Pukul 1 siang adalah saat aku memasuki rumah dan melihat jam dinding di ruang tamu. Aku terlalu gerah. Kubersihkan badanku sebelum selanjutnya aku menunaikan sholat.

Aku mulai memasuki kamar. Rasa itu muncul lagi, tanpa permisi. Tiba-tiba rasa senang yang kuperoleh setelah menginjakkan kaki di halaman rumah dan mencium tangan iby, pudar. Tergantikan rasa sedih dan takut. Kupandangi frame yang menempel di dinding kamarku. Kusadari, ayahku telah tiada. Aku selalu mengingat kepergian ayah jika pulang ke rumah ini. Aku teringat kembali, hidup ini adalah perjalanan menuju mati. Dan ayahku, telah lebih dulu berangkat, meninggalkan aku, ibu, dan 3 kakakku.
Aku berpikir, bagaimana jika setelah ini aku? Aku bahkan tak punya cukup bekal untuk perjalanan panjang itu.

Setelah meng-aamiin-kan doa-doaku. Perut ini sepertinya sudah memberi panggilan bahwa dia butuh asupan. Segera kupenuhi dan aku pun segera melanjutkan bacaanku. Setiap babnya, kuhayati. Kubaca perlahan.

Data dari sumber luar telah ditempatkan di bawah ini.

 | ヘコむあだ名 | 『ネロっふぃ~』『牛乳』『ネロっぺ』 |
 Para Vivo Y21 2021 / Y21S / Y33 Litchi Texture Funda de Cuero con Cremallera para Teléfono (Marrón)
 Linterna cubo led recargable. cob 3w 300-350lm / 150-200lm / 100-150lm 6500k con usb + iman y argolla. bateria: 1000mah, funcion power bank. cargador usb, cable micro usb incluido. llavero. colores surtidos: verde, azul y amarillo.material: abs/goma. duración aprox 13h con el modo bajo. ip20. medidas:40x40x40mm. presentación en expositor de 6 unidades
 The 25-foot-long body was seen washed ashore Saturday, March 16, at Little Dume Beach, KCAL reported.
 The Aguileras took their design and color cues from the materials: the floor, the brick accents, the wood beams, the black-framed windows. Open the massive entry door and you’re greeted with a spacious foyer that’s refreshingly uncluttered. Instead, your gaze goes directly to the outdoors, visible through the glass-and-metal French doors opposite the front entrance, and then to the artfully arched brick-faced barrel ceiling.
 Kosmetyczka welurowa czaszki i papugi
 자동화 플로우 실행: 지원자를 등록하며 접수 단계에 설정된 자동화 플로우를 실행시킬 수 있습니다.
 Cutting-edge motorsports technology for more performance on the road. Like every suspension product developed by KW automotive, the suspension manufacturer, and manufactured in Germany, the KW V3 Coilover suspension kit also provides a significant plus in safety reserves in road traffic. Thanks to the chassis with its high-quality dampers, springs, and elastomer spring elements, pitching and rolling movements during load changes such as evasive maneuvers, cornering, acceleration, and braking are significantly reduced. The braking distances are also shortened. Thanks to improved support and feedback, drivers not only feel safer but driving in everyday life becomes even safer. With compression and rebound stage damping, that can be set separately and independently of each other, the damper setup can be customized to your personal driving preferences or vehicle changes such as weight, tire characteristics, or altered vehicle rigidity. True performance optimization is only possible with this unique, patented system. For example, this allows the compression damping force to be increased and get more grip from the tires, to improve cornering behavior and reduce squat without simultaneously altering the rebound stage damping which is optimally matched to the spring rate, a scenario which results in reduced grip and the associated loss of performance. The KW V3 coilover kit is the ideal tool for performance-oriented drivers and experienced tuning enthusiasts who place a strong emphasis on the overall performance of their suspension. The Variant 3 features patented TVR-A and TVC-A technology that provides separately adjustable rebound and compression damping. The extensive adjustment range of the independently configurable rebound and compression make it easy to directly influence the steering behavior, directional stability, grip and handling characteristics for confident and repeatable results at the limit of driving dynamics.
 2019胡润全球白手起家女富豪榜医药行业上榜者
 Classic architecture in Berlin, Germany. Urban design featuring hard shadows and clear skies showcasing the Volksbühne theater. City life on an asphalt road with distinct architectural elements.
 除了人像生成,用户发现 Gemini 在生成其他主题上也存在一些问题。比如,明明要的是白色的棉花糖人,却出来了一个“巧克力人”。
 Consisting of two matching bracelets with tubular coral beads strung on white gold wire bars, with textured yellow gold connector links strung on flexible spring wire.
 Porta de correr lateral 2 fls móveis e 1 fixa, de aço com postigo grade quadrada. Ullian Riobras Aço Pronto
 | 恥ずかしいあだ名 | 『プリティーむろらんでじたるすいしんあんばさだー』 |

Ada lima pertanyaan yang harus dijawab dalam novel itu, dan 3 diantaranya ada dalam hidupku.

●●●

Hari keduaku di rumah, aku masih saja memegang bacaan itu, karena semalam aku tertidur ketika membacanya.
Hari ini kukhatamkan semua paragraf di dalamnya. Hatiku begetar.  Bersitegang melawan perasaan-perasaan yang muncul. Tentang kemunafikan, jatuh cinta, dan kehilangan.

Pertanyaan tentang kehilangan telah terjawab.
Pun tentang jatuh cinta.
1. Setidaknya, mengikhlaskan adalah jalan keluarnya.
Kita tidak tahu mana yang baik bagi diri kita.
Kita sudah sering mendengar nasehat
"Boleh jadi apa yang kita inginkan, bukanlah apa yang kita butuhkan"
Nasehat itu semakin merasuk, meresap ke qalbu, lebih dari meresapnya kecap ke dalam daging ayam yang dimasak.
2. Lepaskan
"Jika itu memang untukmu, kelak pasti datang, dari mana saja, dengan cara apa saja"

Satu pertanyaan terakhir. Mungkinkah seorang perempuan 20 tahun ini adalah orang yang paling munafik di dunia?
Orang bisa dengan mudah menasehati, merangkai kata, dan membagi kebaikan, tapi melakukannya sendiri bukan perkara mudah.

Pertanyaan itu terus saja berputar-putar tanpa jawaban.
Kali ini aku menyerah. Memilih mencari jawabannya di lain kesempatan.
Tapi setidaknya perasaan dan pikiran yang dulu berkelana, merasakan dan memikirkan rasa yang tumbub tak wajar, kini telah pulang.
●●●

Terkadang, jawaban dari pertanyaan dalam hidupmu dapat kau temukan dari orang lain. Namun kadang, waktulah yang akan menjawabnya.